BRAINERD, MINN. - Barack Obama was not our president the last time I had been darkhouse spear fishing. Neither was a man named Bush. Nor Clinton. Nor another guy named Bush.
"I can't remember when I last looked at a lake bottom through a 2-feet-by-4-feet hole in the ice," I said to Trent Baumann during a recent spear-fishing outing.
Trent, 40, of Brainerd, had invited me to join him for a morning of spearing northern pike in his small darkhouse. A week or so prior he had placed his shanty on a little lake not far from town, 8 inches of clear ice supporting it.
Actually, on that day, I chose to be a spectator. I figured should a pike appear, handling a spear and a camera while hunkered over a huge hole in the ice might lead to the wrong equipment going into the lake. Also, I was without the necessary license in my pocket.
It had been a few days since Trent had used the darkhouse, so an inch or two of ice needed to be removed from the large rectangular hole.

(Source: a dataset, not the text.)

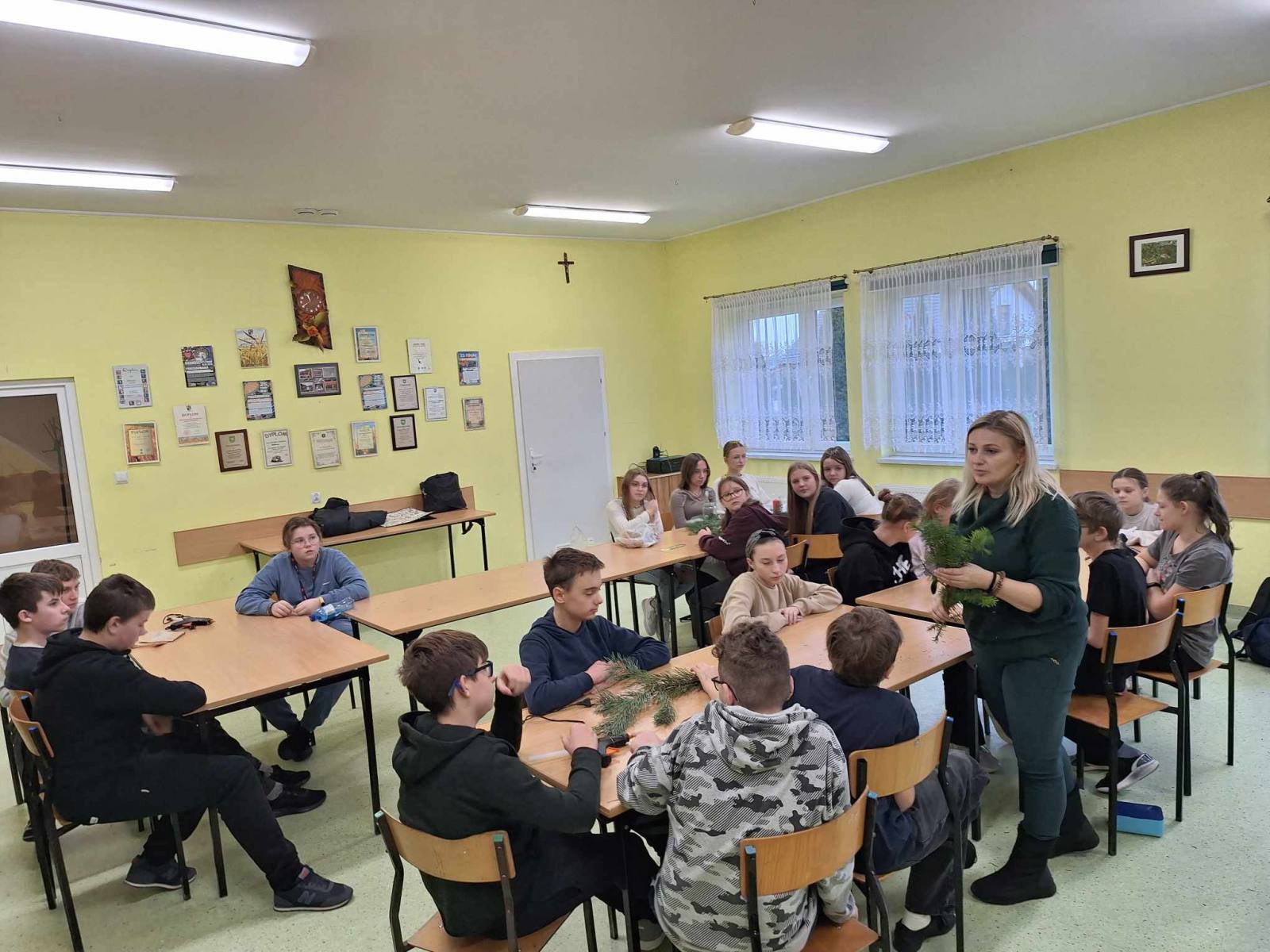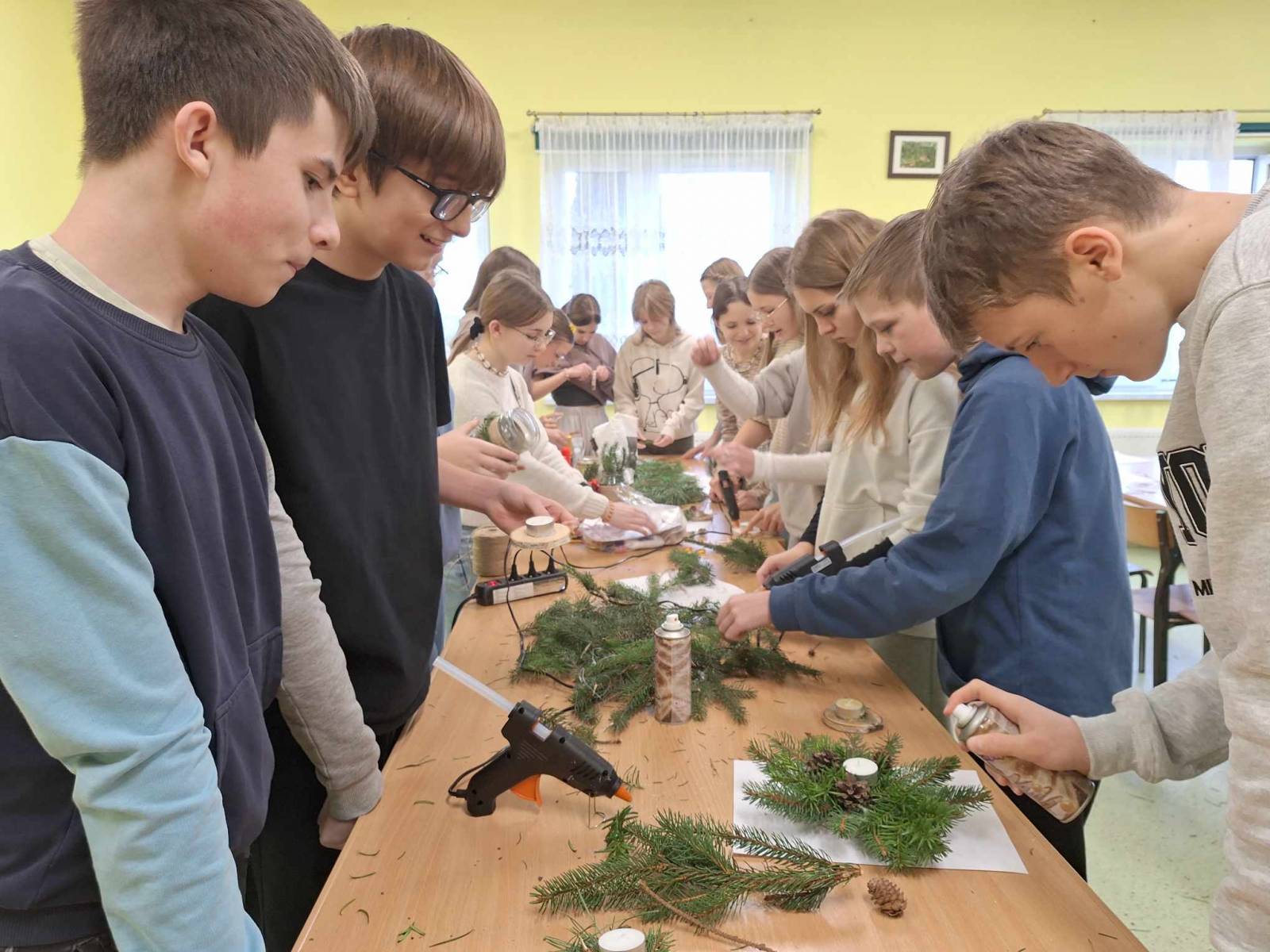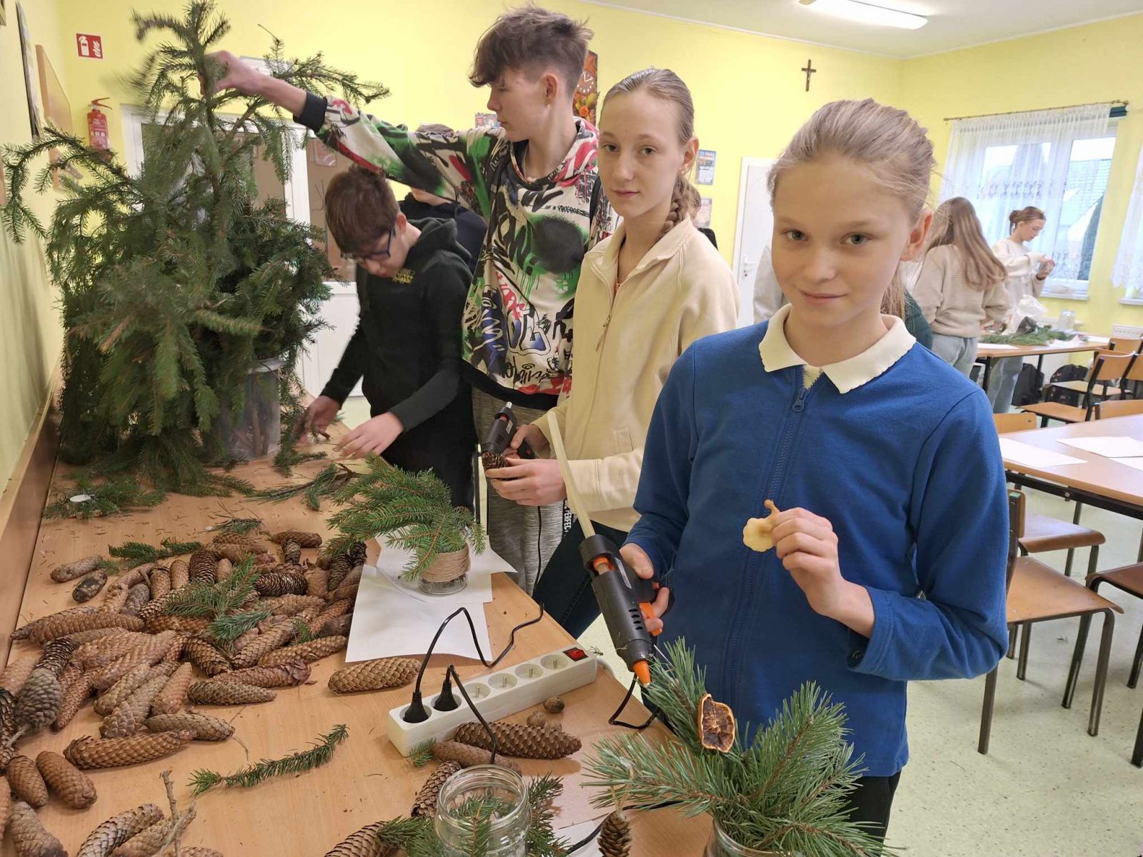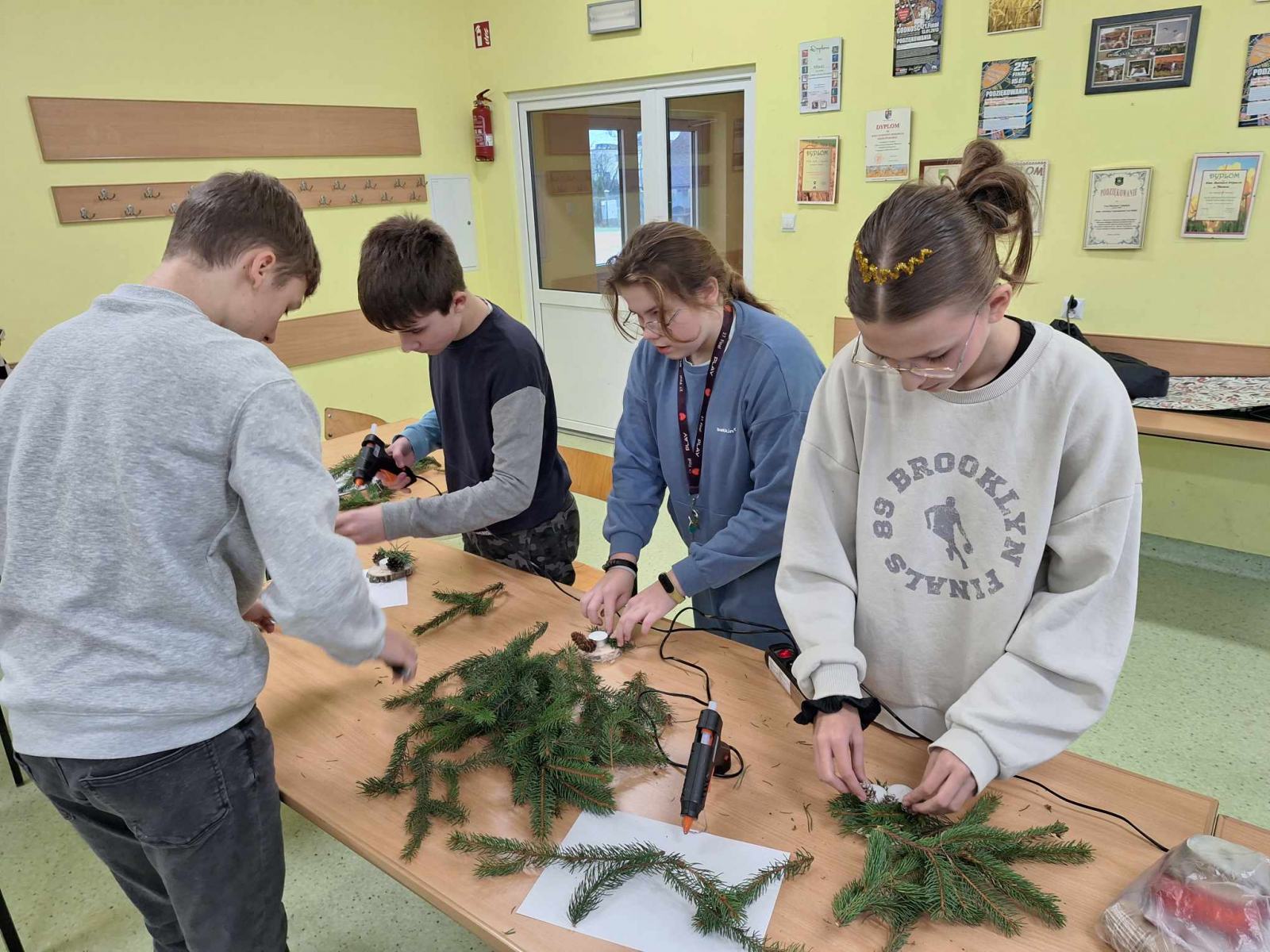 Święta Bożego Narodzenia tuż tuż ……. Za chwilę będziemy wybierali drzewka na choinkę. W wielu domach choinka to choinka. Świerk, sosna czy jodła – wszystko jedno, ważne, żeby była zielona, kształtna i gęsta, no i żeby pięknie pachniała. Klasa 6,7, 8 za sprawą udziału w ciekawych zajęciach przyrodniczo-świątecznych pt: „Jaki Iglak na choinkę”odświeżyła informacje dotyczące rozpoznawania drzew iglastych. Na koniec uczestnik warsztatów wykonał piękną, pełną uroku dekorację, która wykonana samodzielnie stanowić będzie unikalną ozdobę. Stroiki wykonane zostały w większości z naturalnych leśnych materiałów: plastrów drewna, szyszek, gałązek drzew iglastych omówionych na zajęciach, świec, koralików i śniegu w sprayu. Dziękujemy p. Marcie Roman z Brodnickiego Parku Krajobrazowego za pamięć o naszej szkole i iście przyrodniczo- świąteczne szaleństwo. Warsztaty zostały zrealizowane dzięki współpracy opiekuna LOP – p. Beaty Klonowskiej z pracownikami BPK i serdeczności naszej p. Dyrektor.

With that chore complete, Trent lowered two decoys. One was an old standby that even I recognized. It was a red-and-white affair, carved in the shape of a small pike. The other decoy was a more modern version. It was made of soft plastic molded to resemble a sucker minnow.
Trent positioned the decoys about 6 feet down. The lake bottom, barely visible in the green-stained water, was 12 feet below us. A few dozen feet to our left was deeper water, roughly 18 feet, and to our right was a shallow flat about 4 feet deep. Our hope was that hungry pike would be cruising the breakline and would find our decoys to their liking.
Just a few minutes passed before the first northern appeared. It swam in slowly, eyeing the red-and-white decoy.
"Just too small," said Trent. The fish eventually moved off.